CONTINUATION OF AN ILL FITTING CHAPTER
“From what the report says,” Mark told him, “he wasn’t crying out that much, and Rick, if their parents couldn’t even tell, how could you?”
“I could have. I could—” Rick looked for something he could have done. “Well, you heard what Kerch said about Jedd. What if it was lots of students saying that day after day? I could have stopped that. That could have led up to what he and that girl did.”
“Laura Wyler was weird too,” Sully said.
They all looked at him.
“She was,” Sully said. “You can’t explain everything, and you can’t make everything better. Some people are just going to do what they’re going to do.”
They continued looking at him and then Mark said, “Sullivan’s right.

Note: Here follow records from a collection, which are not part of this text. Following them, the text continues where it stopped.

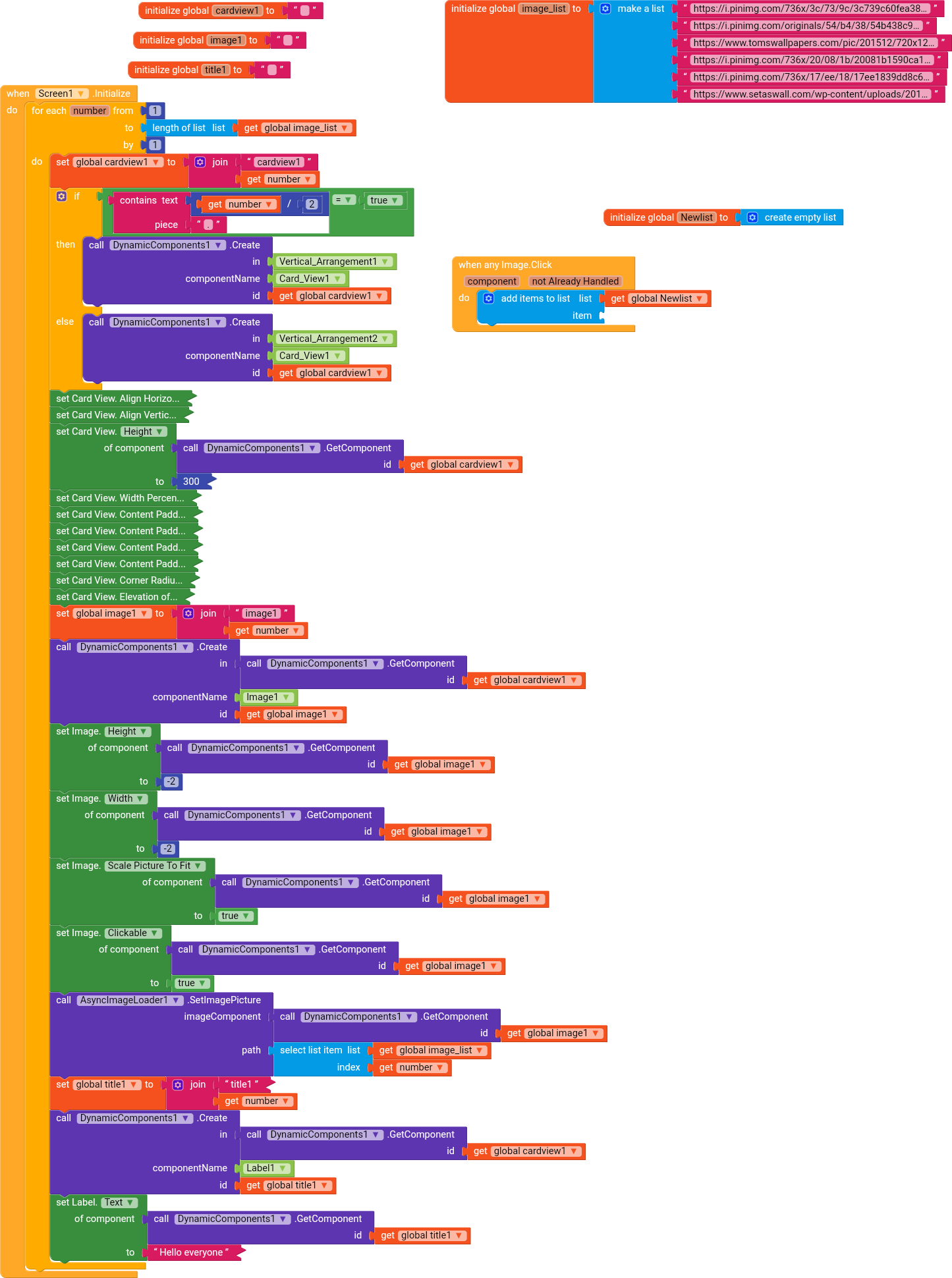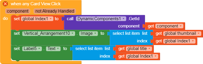I create a gridview app using DynamicComponents extension by using the following blocks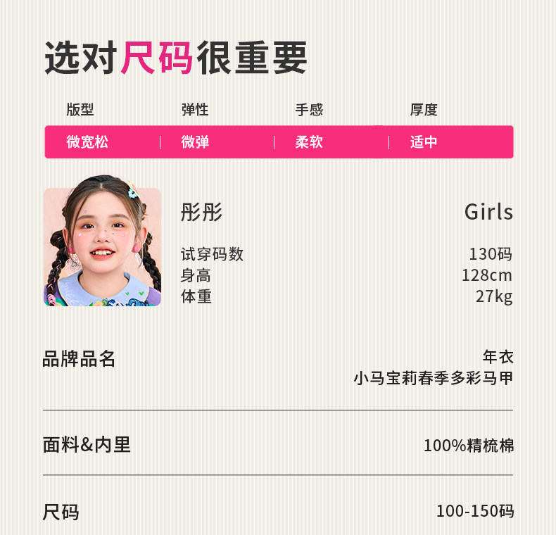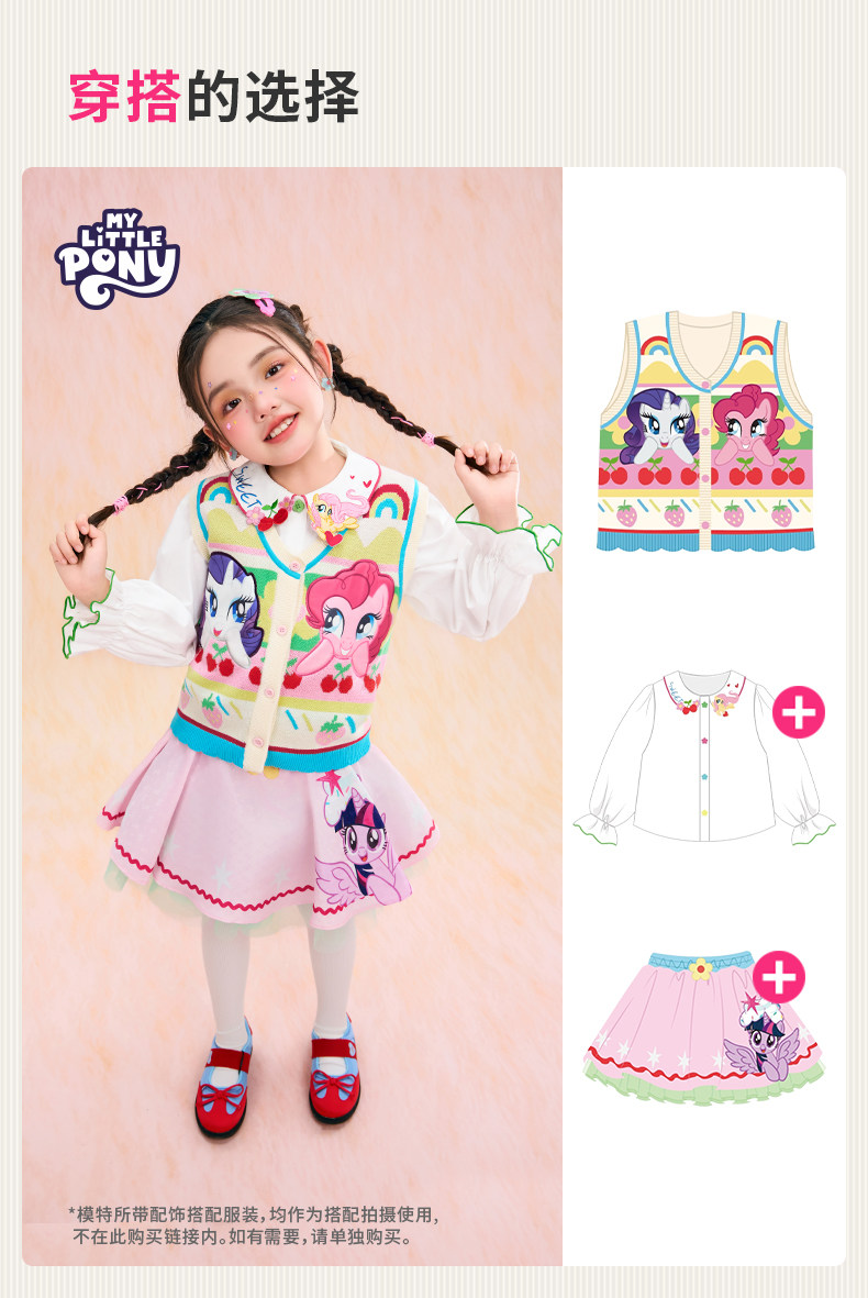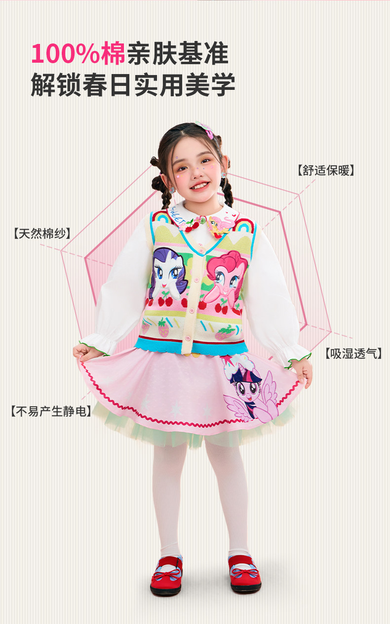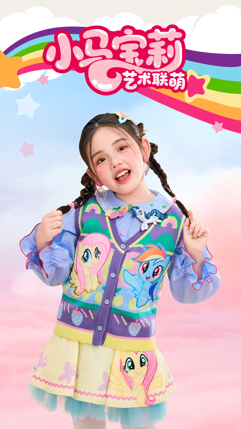 小马宝莉联名年衣童装针织马甲春季新款女童小马宝莉春季多彩马甲N1261010A05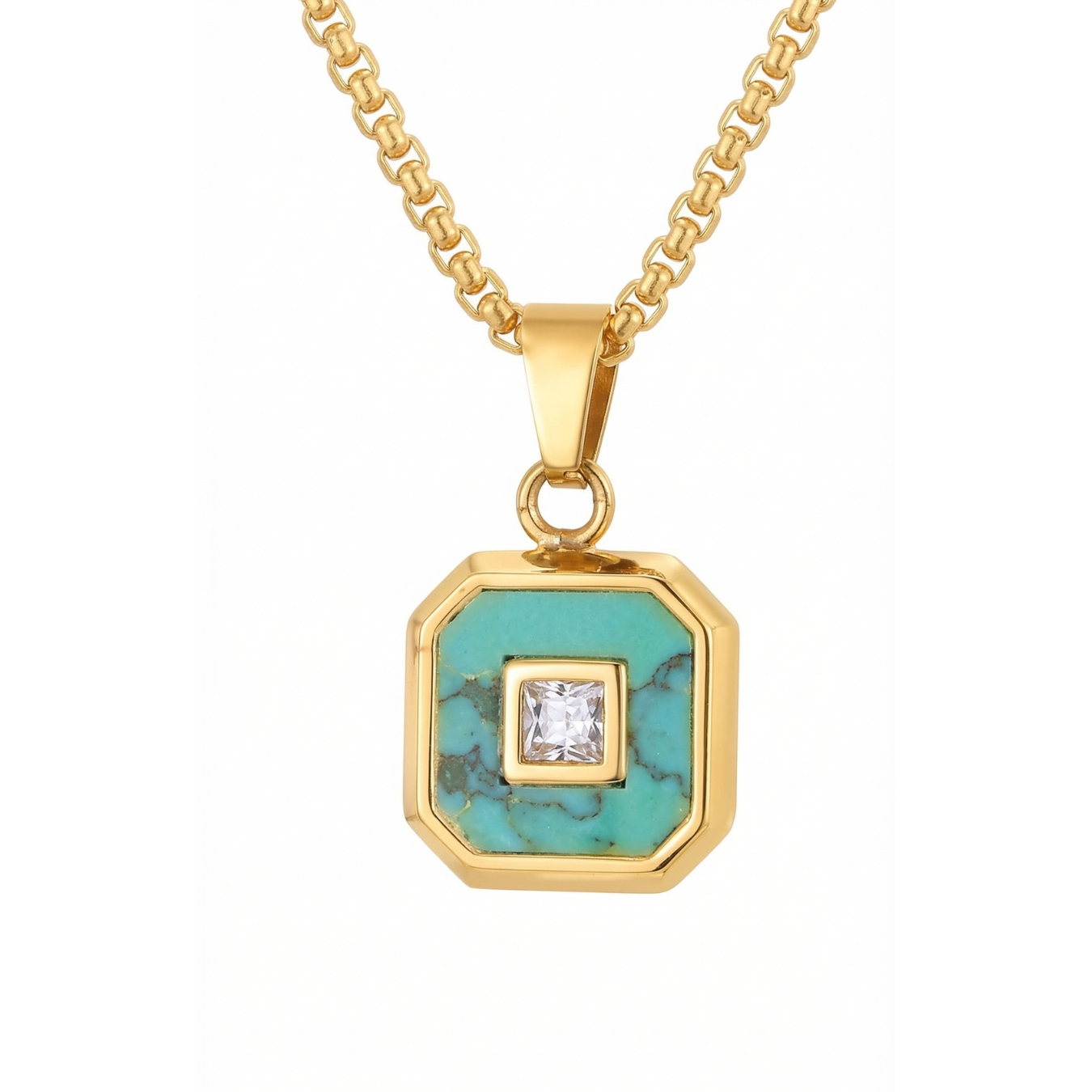Collares con Colgante Geométrico de Piedra Natural Verde

“Boys, listen to me,” he told Chris and Sully. “Life is a precious gift from God and you can’t just throw it away. It’s precious.”
“Dad we know,” Chris said.
“Well, I don’t want you to forget. You’re both loved in this household,” Mark told them. He was going to stop at cared for, but maybe Sully wasn’t care for so much at his home. Maybe he needed to know he mattered. “And if either one of you has troubles or thoughts like this… You need to let me know.”
“You’re a shrink, Dad. Don’t you know the signs?”
“I’m serious, Chris,” Mark’s voice was sharp.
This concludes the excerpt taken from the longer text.